Luckily, he said, a friend already had informed him of the boil advisory and he was able to work around the water issue without having to throw away food.
“My store opens at 10 a.m., and I start cooking before them,” he said. “I need to be notified early.”
Estafen said the kitchen operated with boiled water and alternative water sources.
Henson said the brewing equipment at Jitterz has antimicrobial filters, which staff used to give customers drinking water as well.
Mike Cyze, the Dubuque Community School District’s director of school and community relations, said school staff had to bring in new or disposable dinnerware for lunch for students at Audubon, Fulton, Marshall and Prescott elementary schools.
About 1,200 students attend those schools.
Cyze said all elementary school meals are prepared at the district’s central kitchen on Chaney Road, so food was not impacted. He said fresh water and hand sanitizer have been brought to the schools as well.
“A lot of staff was able to help get the right resources where they needed to be,” he said.
Tara Deering-Hansen, vice president of communications for Hy-Vee, said upon hearing the advisory, staff at the Locust Street store immediately switched to using bottled water for anything that would require tap water.
“We’ll continue to do that until the advisory is lifted,” she said.
Estafen said while notifying all affected food service businesses would be a huge burden on city staff, he believed the situation could have been handled better.
“I don’t want to be crazy critical, but it’s a huge public safety concern,” he said. “There should be a system in place for phone calls.”
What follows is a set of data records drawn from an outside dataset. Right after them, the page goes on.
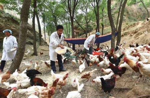 6月2日,山西省吕梁市临县兔坂镇砖瓦村村主任武雪峰(中)和村民一起在山沟里给散养的鸡喂饲料。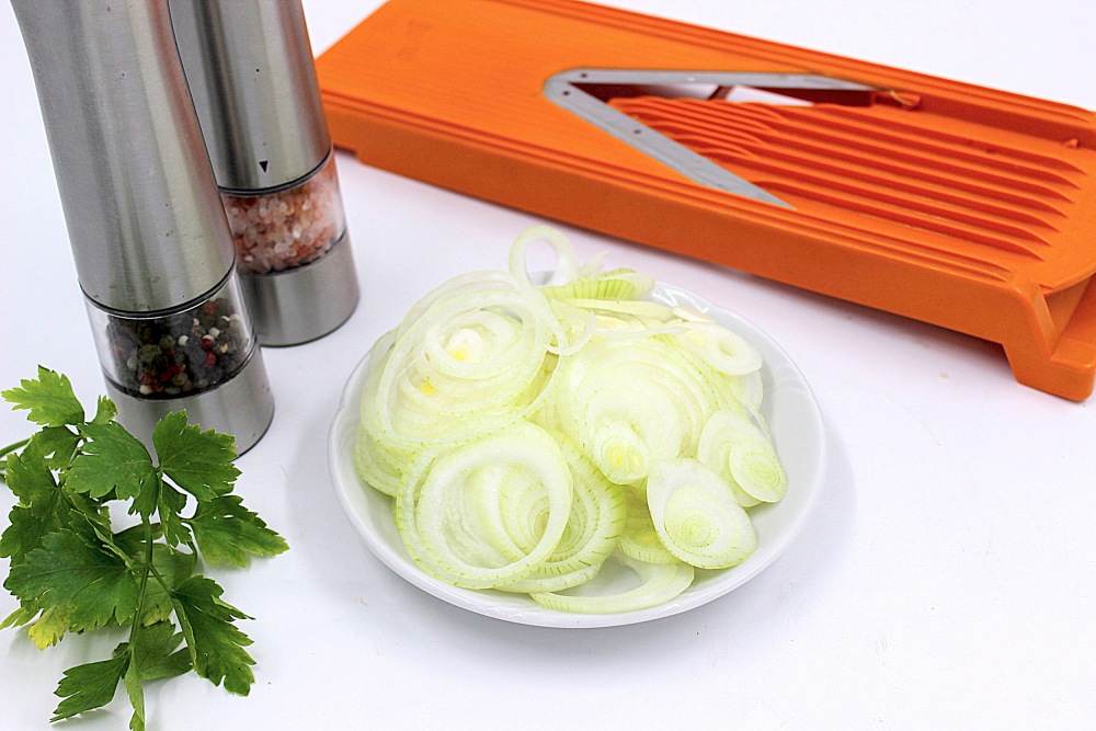 Лук нарезать тонкими кольцами или перьями.
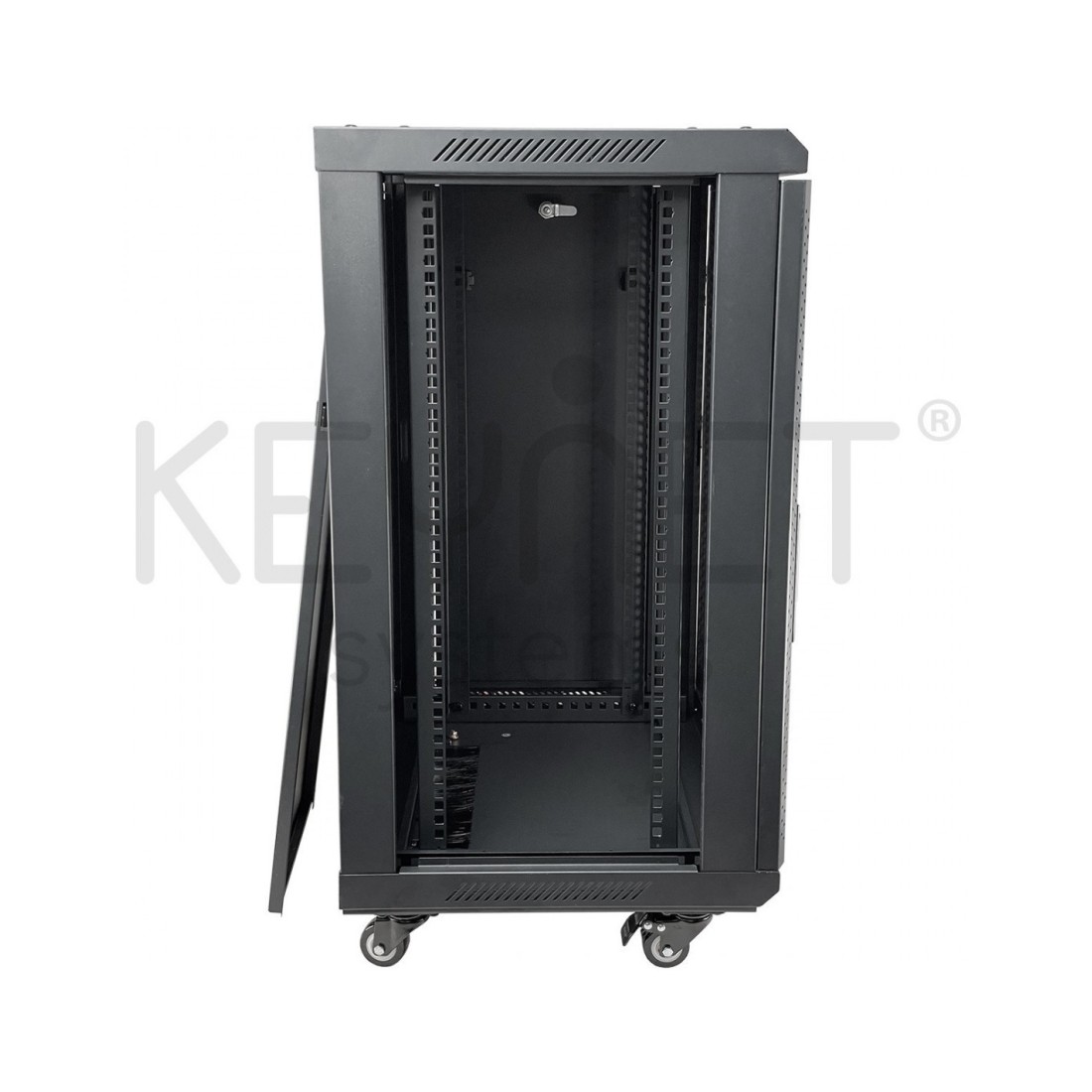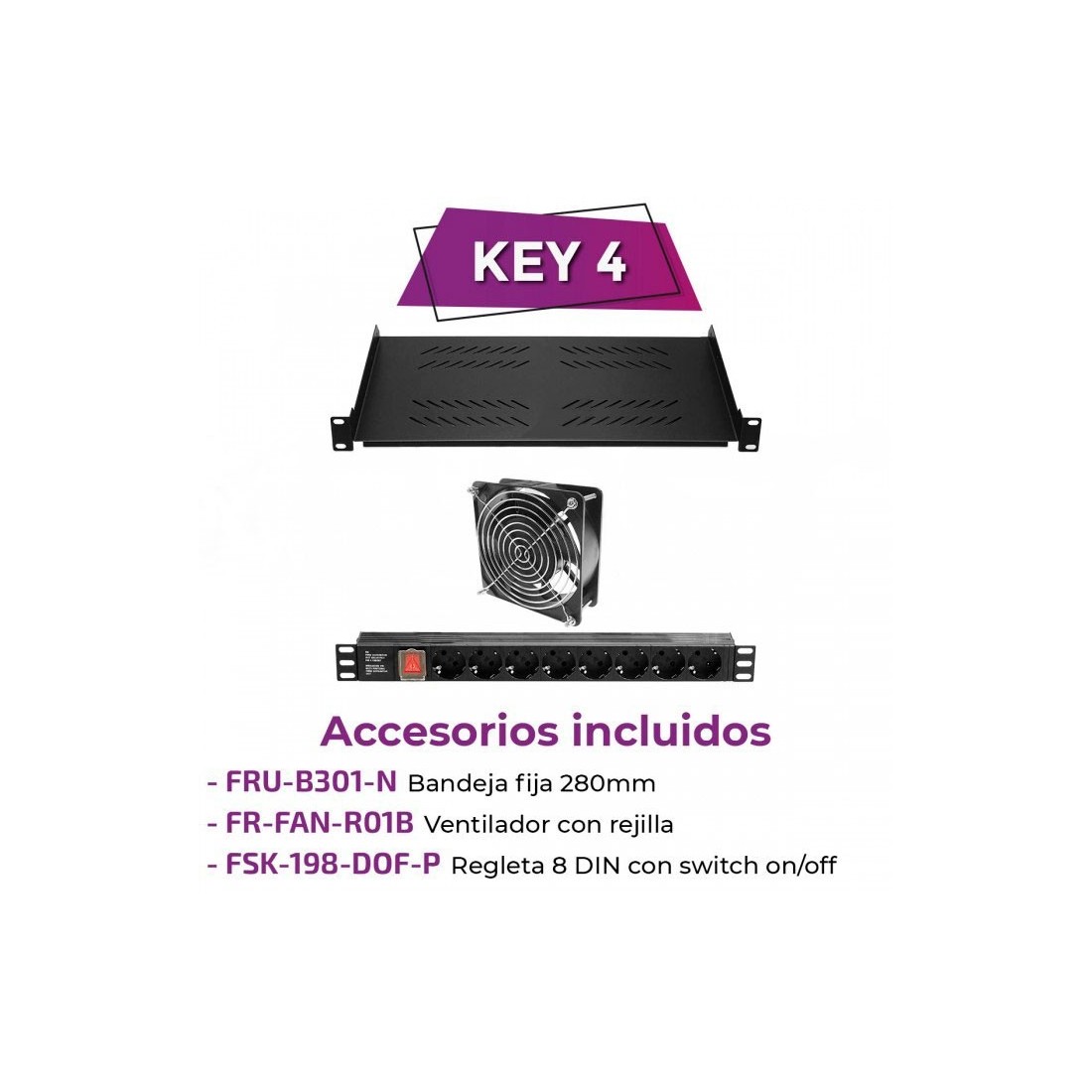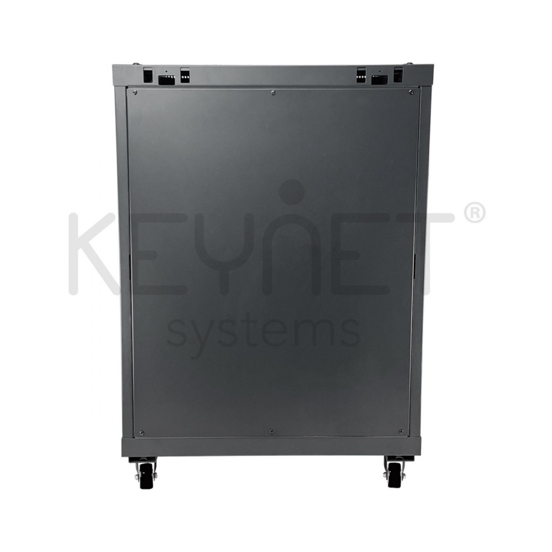 Armario rack mural 19" Keynet FR6-C1566-U Rack 19 pulgadas de estructura robusta para instalación mural o suelo Altura 15U con dimensiones 600x600x770 mm Suministrado desmontado para transporte optimizado Puerta frontal de cristal con cerradura y apertura reversible 180 grados Paneles laterales desmontables con cerradura Estructura en acero SPCC en color negro RAL9005 Guías frontales y traseras numeradas Entrada de cableado superior e inferior con cepillo antipolvo Incluye ruedas (2 con freno) para instalación en suelo Capacidad de carga hasta 60 kg en pared y 150 kg en suelo Incluye kit de tornillería y accesorios de fijación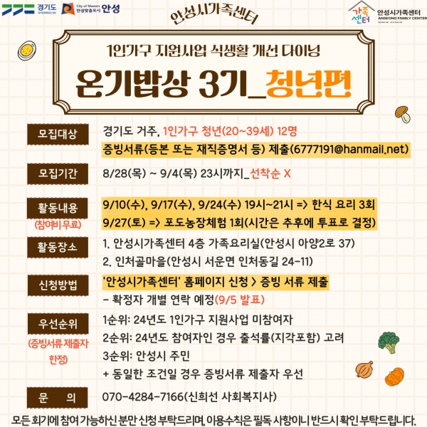[금요저널] 안성시 가족센터는 1인 가구 청년층을 대상으로 ‘식생활 개선 다이닝 – 온기밥상 3기’ 프로그램 참여자를 모집한다.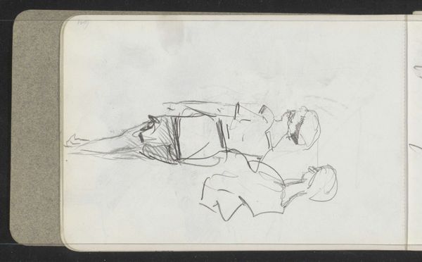 Editor: This is George Hendrik Breitner’s "Vrouw met kind," or "Woman with Child," created sometime between 1886 and 1903. It’s a pencil sketch on paper, housed at the Rijksmuseum. It feels very intimate and immediate, almost like a glimpse into a private moment. What do you see in this piece, particularly considering it’s just a sketch? Curator: Precisely. This initial impression is vital because even in its sketched, incomplete state, the work is still charged with symbolism. Notice how the mother figure almost towers over the child, forming a protective arch. Do you find that evokes a certain archetypal maternal protection? Editor: I hadn't thought of it that way, but now that you mention it, I see it. It's like she’s shielding the child. The rough lines almost add to that feeling, as if it were an instinctive gesture captured on paper. Curator: Yes. Breitner, immersed in the burgeoning modernism of the late 19th century, tapped into primal human emotions here. Motherhood is such a recurring symbol throughout art history, from religious icons to everyday scenes, representing continuity and care. In this simple sketch, the figures lean against each other, creating their shared safe world. Don’t you think that the sketch emphasizes their intimacy even more than a finished work might? Editor: That's a really interesting point. Because it’s a sketch, there’s a rawness and honesty to it, which maybe a more polished piece would lose. It makes me think about all the quick, personal moments that never make it into finished artworks, but are full of feeling nonetheless. Curator: Indeed! Sketches can capture the emotional immediacy that sometimes gets lost in detailed rendering. It reveals the enduring power of simple, yet profoundly human symbols and the importance of studying not only finished pieces, but these quick sketches, too, as these provide key cultural context. Editor: It is a privilege to study Breitner's initial insights in capturing motherhood, and how quick art helps to amplify the meaning and emotional connection. Thank you for offering that different insight!

City Water Department Manager Bob Green said his staff reached out to the Iowa Department of Natural Resources at 8:30 a.m. Tuesday to consult on whether to issue a water boil advisory.
“They weren’t available until 8:30 a.m.,” he said.
Green said it took time to evaluate the DNR information and identify the impacted areas of the city while fielding a large volume of calls from residents. The city issued its press release at about 10:30 a.m.
Dubuque Public Information Officer Randy Gehl said along with the press release, health department staff reached out to food service businesses that have permits with that department to alert them of the advisory.
He also said that, starting at about 11:45 a.m., a city “code red” message was sent to approximately 8,700 registered phone numbers in the impacted area.
“Any time we have to go through an exercise like this, we look at improvements,” Gehl said. “We’re certainly taking notes through this to improve in the future.”
Schueller said per DNR requirements, water samples were taken to test for contamination. He said no results were available Tuesday afternoon.
“It takes time for it to be completed — a minimum of 18 hours,” he said.